### Directions for this task
Copy, word for word, the lines of the entries below between the one with "Tomten, stanna här" and the one with "Клиновидная кость находится", inclusive, and leave out everything else.

### Data in this exercise
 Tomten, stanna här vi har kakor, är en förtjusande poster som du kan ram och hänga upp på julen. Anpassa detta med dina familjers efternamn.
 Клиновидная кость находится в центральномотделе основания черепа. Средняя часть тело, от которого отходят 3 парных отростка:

--

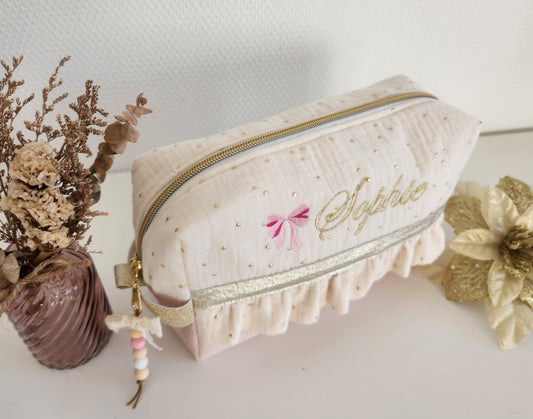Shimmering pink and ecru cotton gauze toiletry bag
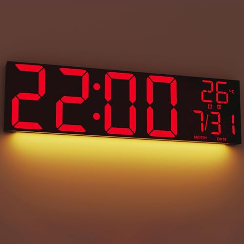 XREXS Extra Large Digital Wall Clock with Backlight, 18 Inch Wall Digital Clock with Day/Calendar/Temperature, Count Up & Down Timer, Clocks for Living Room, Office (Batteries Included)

### Reply to the task
 Tomten, stanna här vi har kakor, är en förtjusande poster som du kan ram och hänga upp på julen. Anpassa detta med dina familjers efternamn.
 Клиновидная кость находится в центральномотделе основания черепа. Средняя часть тело, от которого отходят 3 парных отростка:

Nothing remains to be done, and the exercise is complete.